- _Records provided_
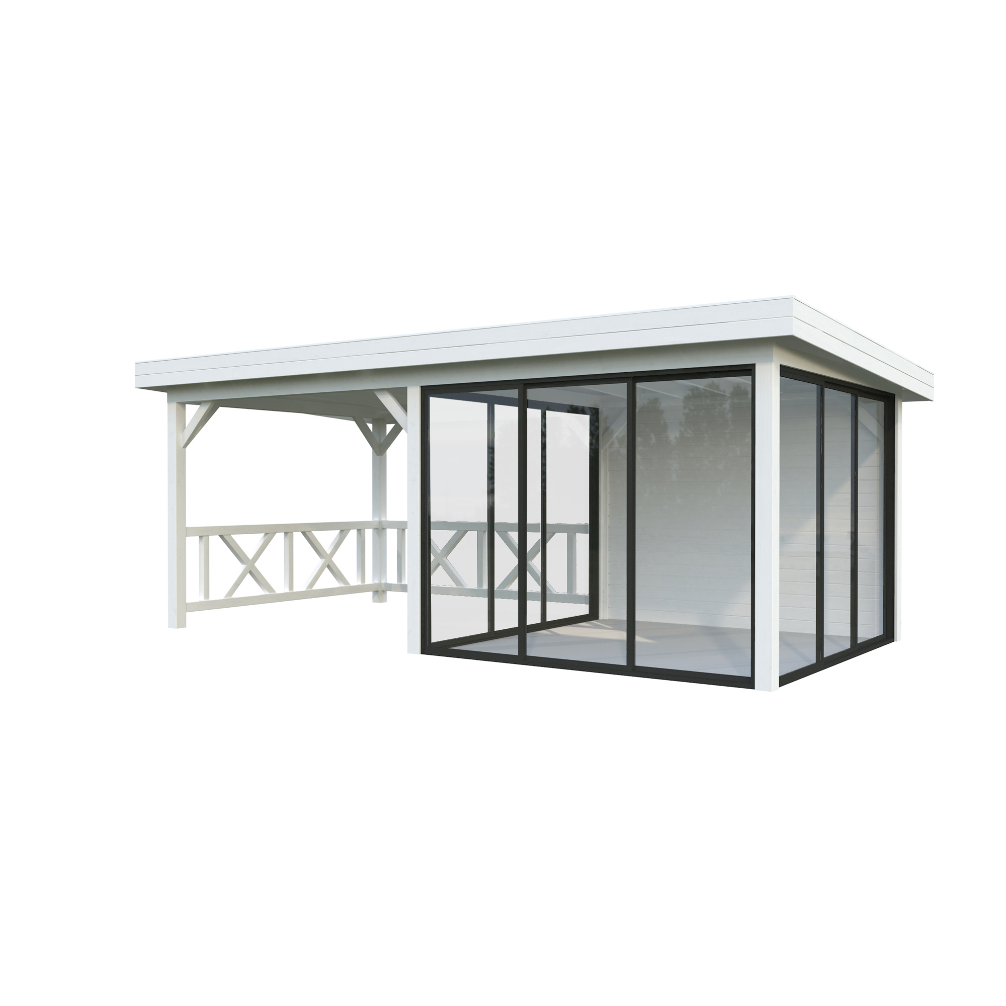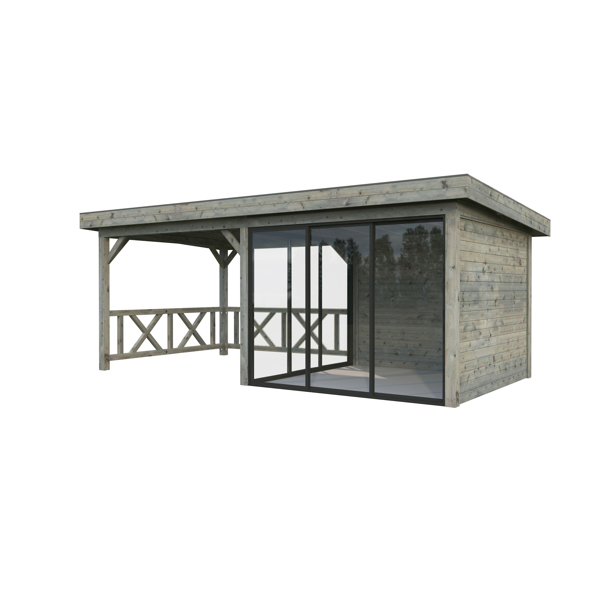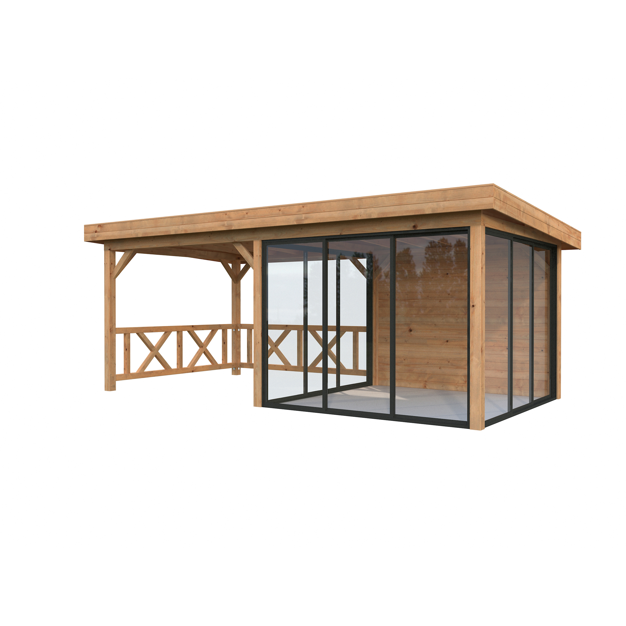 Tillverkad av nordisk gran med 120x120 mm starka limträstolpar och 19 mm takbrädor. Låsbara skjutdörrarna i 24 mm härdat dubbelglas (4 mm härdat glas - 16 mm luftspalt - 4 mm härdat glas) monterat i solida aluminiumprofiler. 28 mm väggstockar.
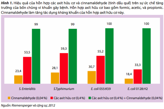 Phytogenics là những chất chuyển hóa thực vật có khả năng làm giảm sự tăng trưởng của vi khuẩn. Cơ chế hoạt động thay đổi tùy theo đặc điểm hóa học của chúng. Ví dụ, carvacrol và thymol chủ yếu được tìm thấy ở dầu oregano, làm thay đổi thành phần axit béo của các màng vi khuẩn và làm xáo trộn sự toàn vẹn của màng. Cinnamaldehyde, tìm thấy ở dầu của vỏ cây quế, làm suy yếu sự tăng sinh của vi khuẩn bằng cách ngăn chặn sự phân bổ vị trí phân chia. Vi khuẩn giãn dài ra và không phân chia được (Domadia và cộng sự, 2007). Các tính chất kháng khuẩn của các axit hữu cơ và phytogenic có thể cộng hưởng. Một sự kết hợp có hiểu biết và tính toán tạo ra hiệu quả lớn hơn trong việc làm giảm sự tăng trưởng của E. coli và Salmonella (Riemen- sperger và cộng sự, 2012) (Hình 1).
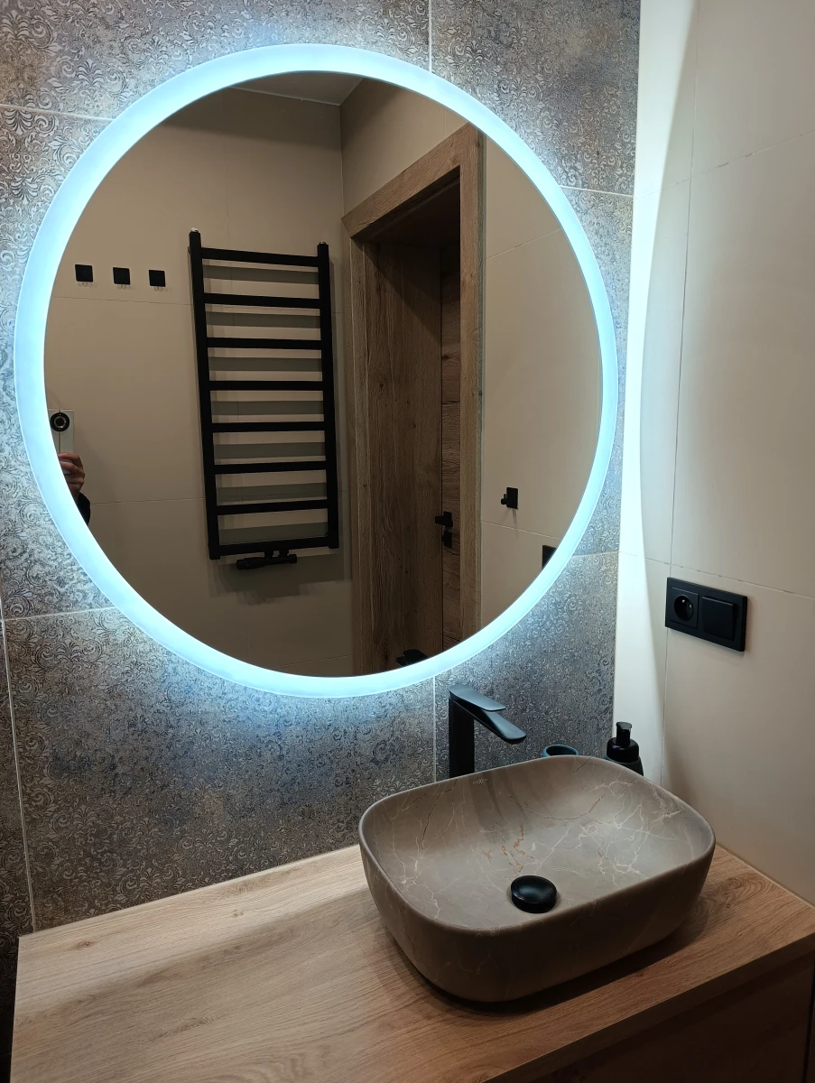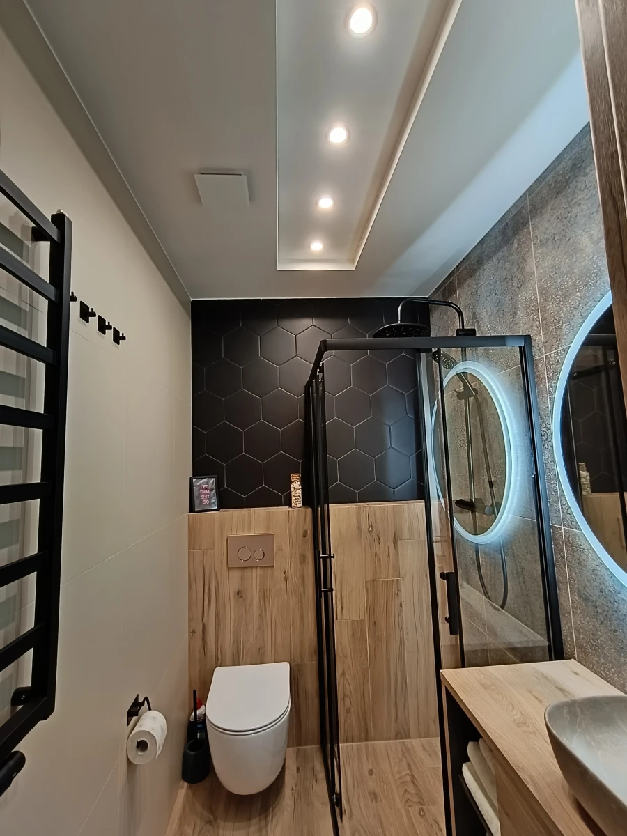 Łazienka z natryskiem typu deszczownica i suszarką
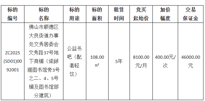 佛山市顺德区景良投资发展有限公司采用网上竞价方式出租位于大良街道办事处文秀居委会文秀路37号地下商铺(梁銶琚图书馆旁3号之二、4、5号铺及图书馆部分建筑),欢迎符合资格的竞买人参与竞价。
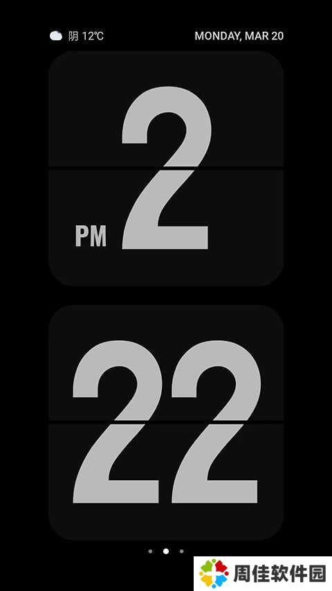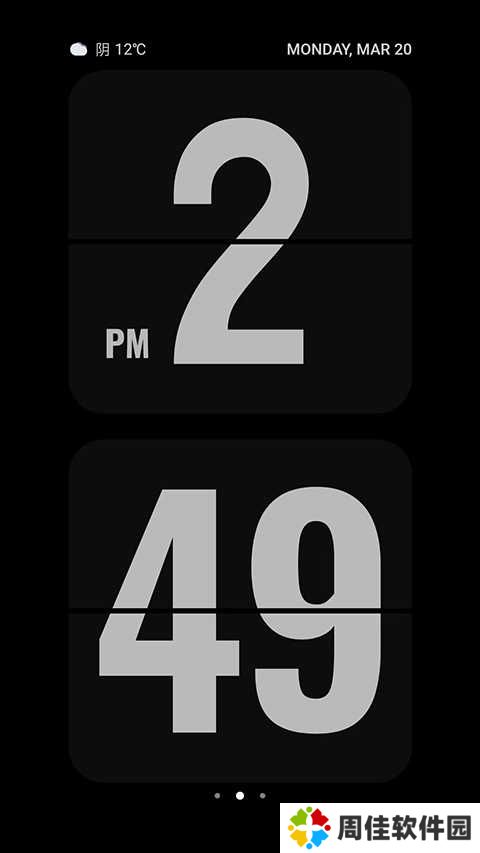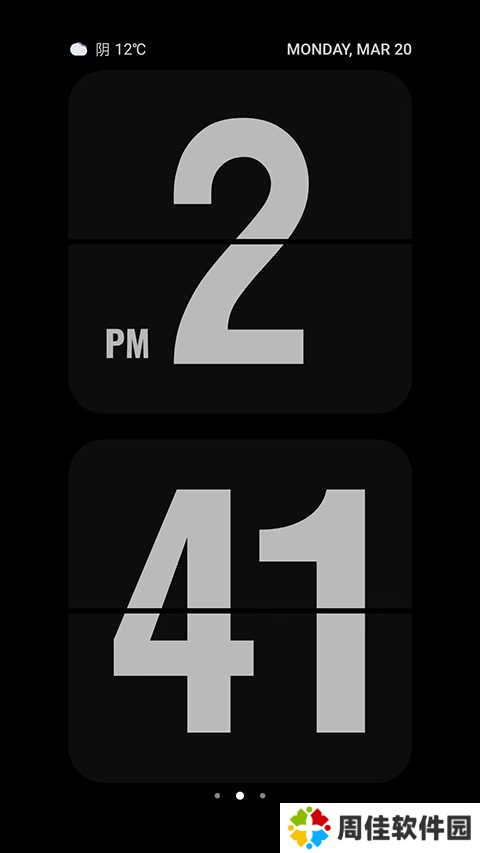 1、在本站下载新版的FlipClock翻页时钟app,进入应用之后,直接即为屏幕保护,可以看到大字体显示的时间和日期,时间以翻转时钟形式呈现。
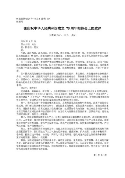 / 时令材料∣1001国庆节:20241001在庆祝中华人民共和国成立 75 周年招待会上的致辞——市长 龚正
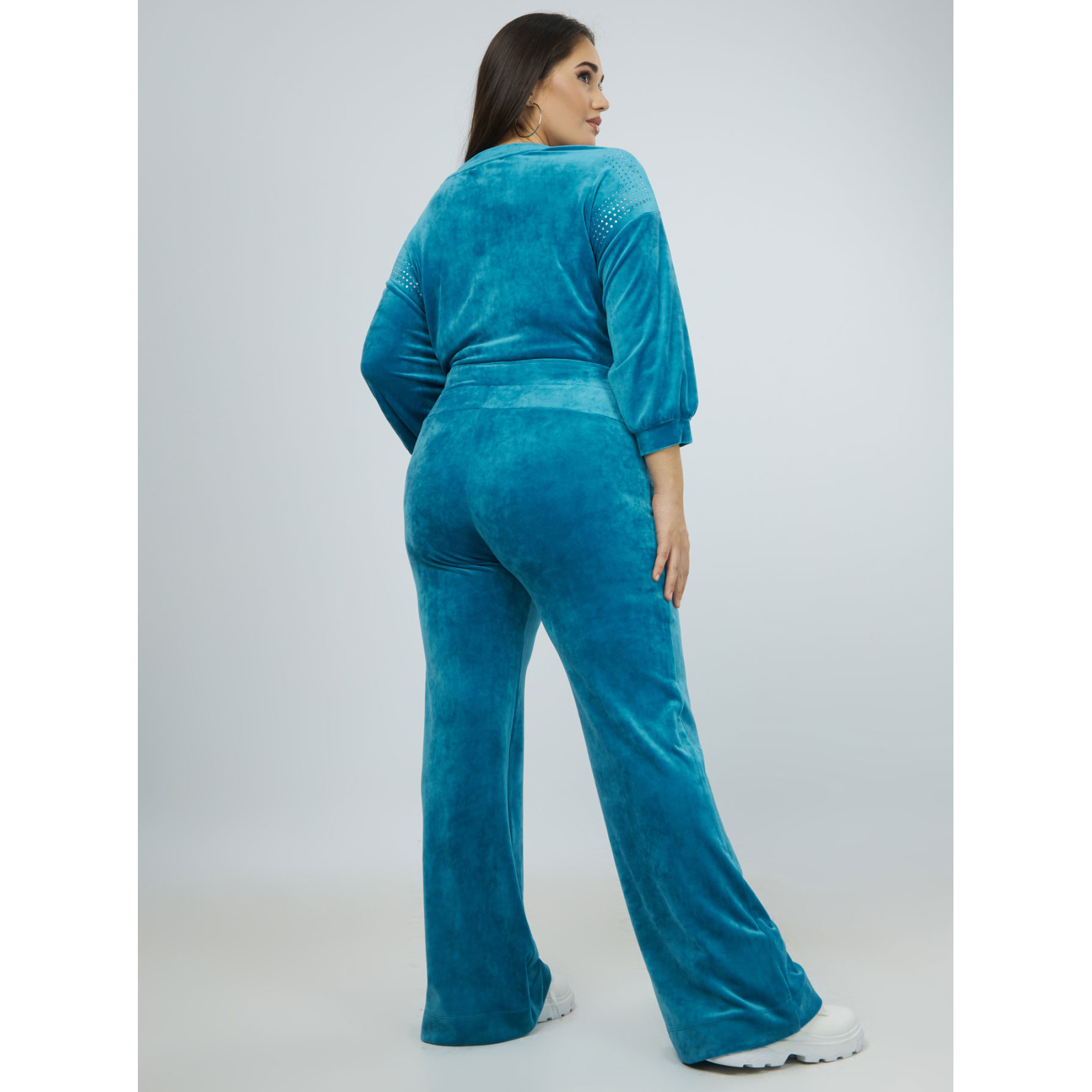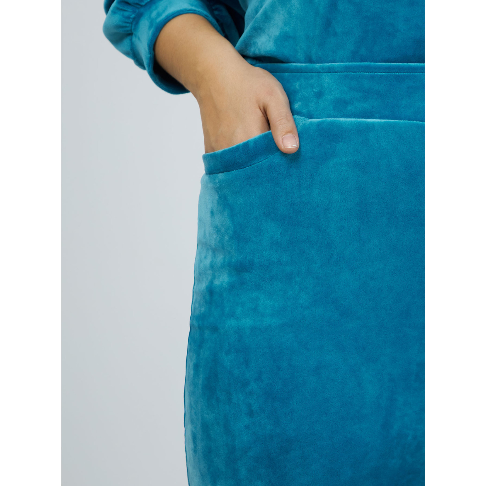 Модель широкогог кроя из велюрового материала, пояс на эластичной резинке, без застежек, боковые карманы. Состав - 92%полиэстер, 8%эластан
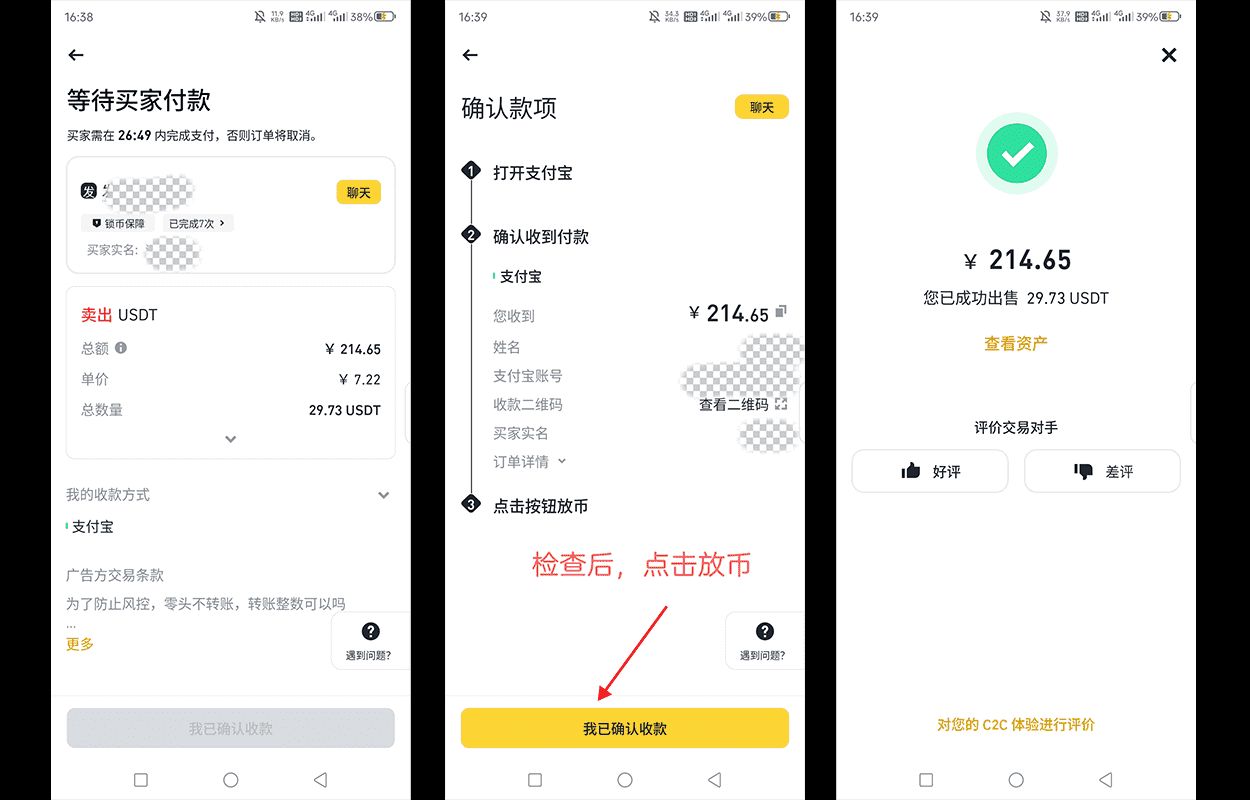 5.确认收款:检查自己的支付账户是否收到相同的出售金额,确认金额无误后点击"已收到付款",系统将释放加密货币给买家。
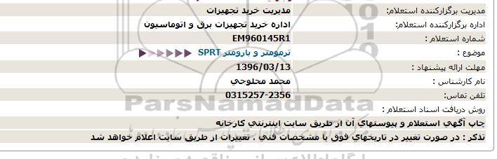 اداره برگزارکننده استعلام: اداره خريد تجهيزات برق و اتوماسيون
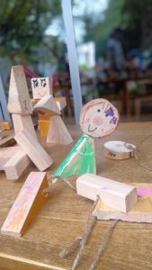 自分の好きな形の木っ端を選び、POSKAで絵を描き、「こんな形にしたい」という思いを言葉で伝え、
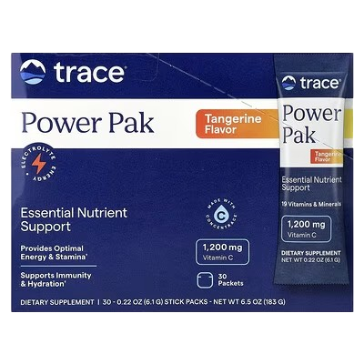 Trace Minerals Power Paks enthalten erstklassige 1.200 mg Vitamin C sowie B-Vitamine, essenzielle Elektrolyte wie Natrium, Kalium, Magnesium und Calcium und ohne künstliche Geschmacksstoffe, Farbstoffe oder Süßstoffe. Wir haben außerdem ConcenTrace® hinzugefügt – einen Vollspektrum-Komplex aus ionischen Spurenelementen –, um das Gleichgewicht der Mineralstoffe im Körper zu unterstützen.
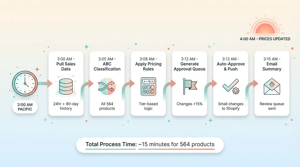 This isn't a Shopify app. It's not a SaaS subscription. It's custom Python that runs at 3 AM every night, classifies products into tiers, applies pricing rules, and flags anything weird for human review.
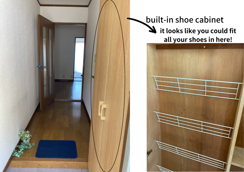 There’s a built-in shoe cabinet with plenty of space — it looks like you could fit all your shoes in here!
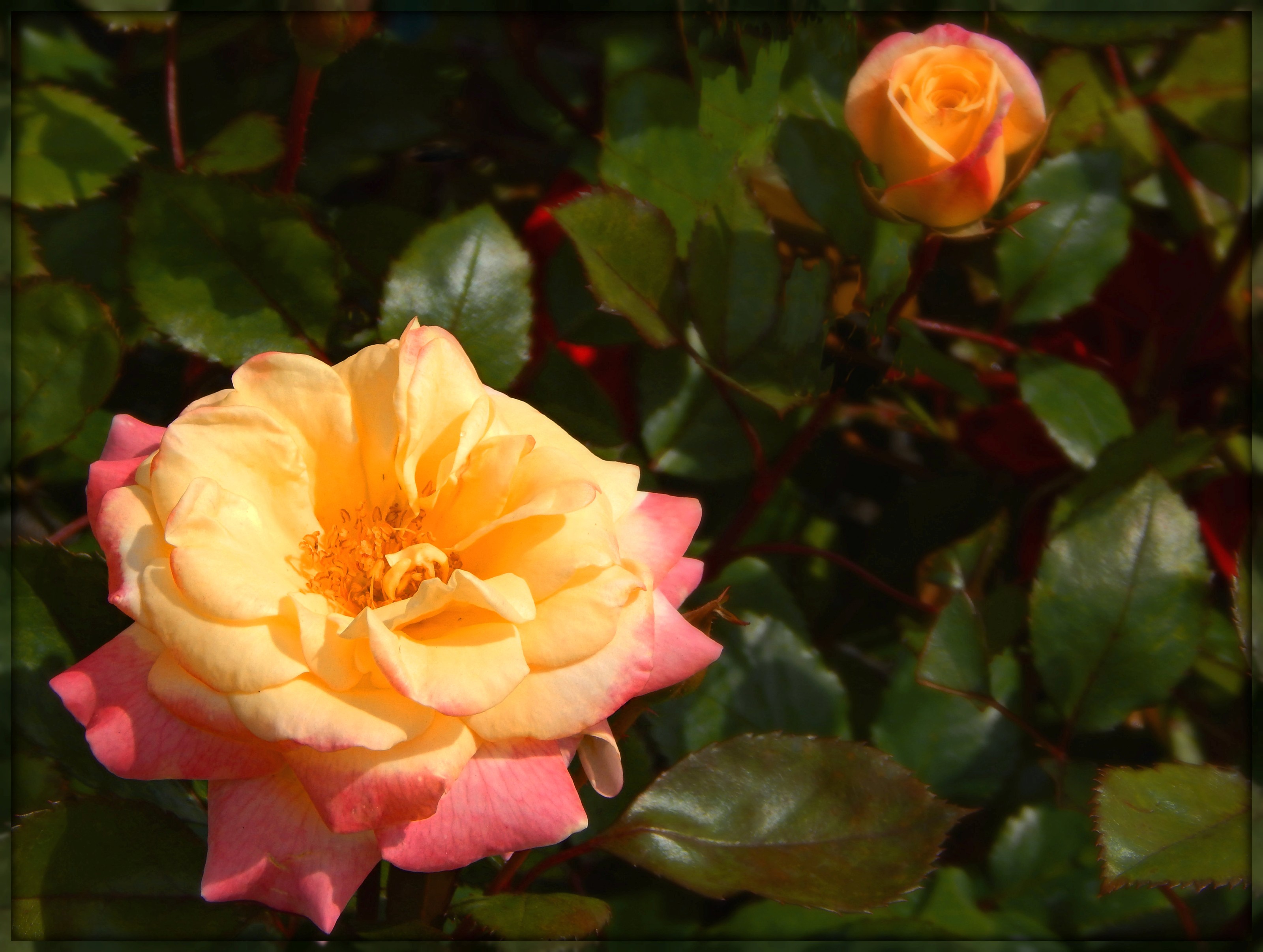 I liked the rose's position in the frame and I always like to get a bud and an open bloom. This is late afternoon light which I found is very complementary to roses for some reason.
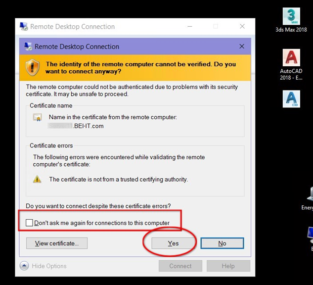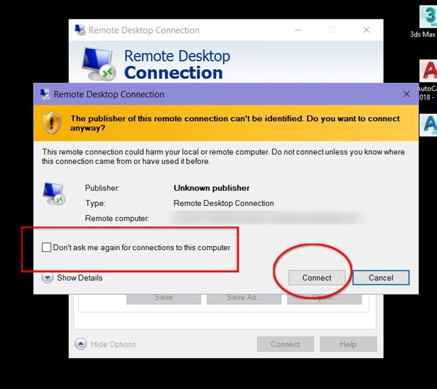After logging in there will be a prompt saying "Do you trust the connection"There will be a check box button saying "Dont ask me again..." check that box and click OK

- _Exercise description_
I need the entries printed exactly, with each picture left out.

- _Written response_
 Tillverkad av nordisk gran med 120x120 mm starka limträstolpar och 19 mm takbrädor. Låsbara skjutdörrarna i 24 mm härdat dubbelglas (4 mm härdat glas - 16 mm luftspalt - 4 mm härdat glas) monterat i solida aluminiumprofiler. 28 mm väggstockar.
 Phytogenics là những chất chuyển hóa thực vật có khả năng làm giảm sự tăng trưởng của vi khuẩn. Cơ chế hoạt động thay đổi tùy theo đặc điểm hóa học của chúng. Ví dụ, carvacrol và thymol chủ yếu được tìm thấy ở dầu oregano, làm thay đổi thành phần axit béo của các màng vi khuẩn và làm xáo trộn sự toàn vẹn của màng. Cinnamaldehyde, tìm thấy ở dầu của vỏ cây quế, làm suy yếu sự tăng sinh của vi khuẩn bằng cách ngăn chặn sự phân bổ vị trí phân chia. Vi khuẩn giãn dài ra và không phân chia được (Domadia và cộng sự, 2007). Các tính chất kháng khuẩn của các axit hữu cơ và phytogenic có thể cộng hưởng. Một sự kết hợp có hiểu biết và tính toán tạo ra hiệu quả lớn hơn trong việc làm giảm sự tăng trưởng của E. coli và Salmonella (Riemen- sperger và cộng sự, 2012) (Hình 1).
 Łazienka z natryskiem typu deszczownica i suszarką
 佛山市顺德区景良投资发展有限公司采用网上竞价方式出租位于大良街道办事处文秀居委会文秀路37号地下商铺(梁銶琚图书馆旁3号之二、4、5号铺及图书馆部分建筑),欢迎符合资格的竞买人参与竞价。
 1、在本站下载新版的FlipClock翻页时钟app,进入应用之后,直接即为屏幕保护,可以看到大字体显示的时间和日期,时间以翻转时钟形式呈现。
 / 时令材料∣1001国庆节:20241001在庆祝中华人民共和国成立 75 周年招待会上的致辞——市长 龚正
 Модель широкогог кроя из велюрового материала, пояс на эластичной резинке, без застежек, боковые карманы. Состав - 92%полиэстер, 8%эластан
 5.确认收款:检查自己的支付账户是否收到相同的出售金额,确认金额无误后点击"已收到付款",系统将释放加密货币给买家。
 اداره برگزارکننده استعلام: اداره خريد تجهيزات برق و اتوماسيون
 自分の好きな形の木っ端を選び、POSKAで絵を描き、「こんな形にしたい」という思いを言葉で伝え、
 Trace Minerals Power Paks enthalten erstklassige 1.200 mg Vitamin C sowie B-Vitamine, essenzielle Elektrolyte wie Natrium, Kalium, Magnesium und Calcium und ohne künstliche Geschmacksstoffe, Farbstoffe oder Süßstoffe. Wir haben außerdem ConcenTrace® hinzugefügt – einen Vollspektrum-Komplex aus ionischen Spurenelementen –, um das Gleichgewicht der Mineralstoffe im Körper zu unterstützen.
 This isn't a Shopify app. It's not a SaaS subscription. It's custom Python that runs at 3 AM every night, classifies products into tiers, applies pricing rules, and flags anything weird for human review.
 There’s a built-in shoe cabinet with plenty of space — it looks like you could fit all your shoes in here!
 I liked the rose's position in the frame and I always like to get a bud and an open bloom. This is late afternoon light which I found is very complementary to roses for some reason.
After logging in there will be a prompt saying "Do you trust the connection"There will be a check box button saying "Dont ask me again..." check that box and click OK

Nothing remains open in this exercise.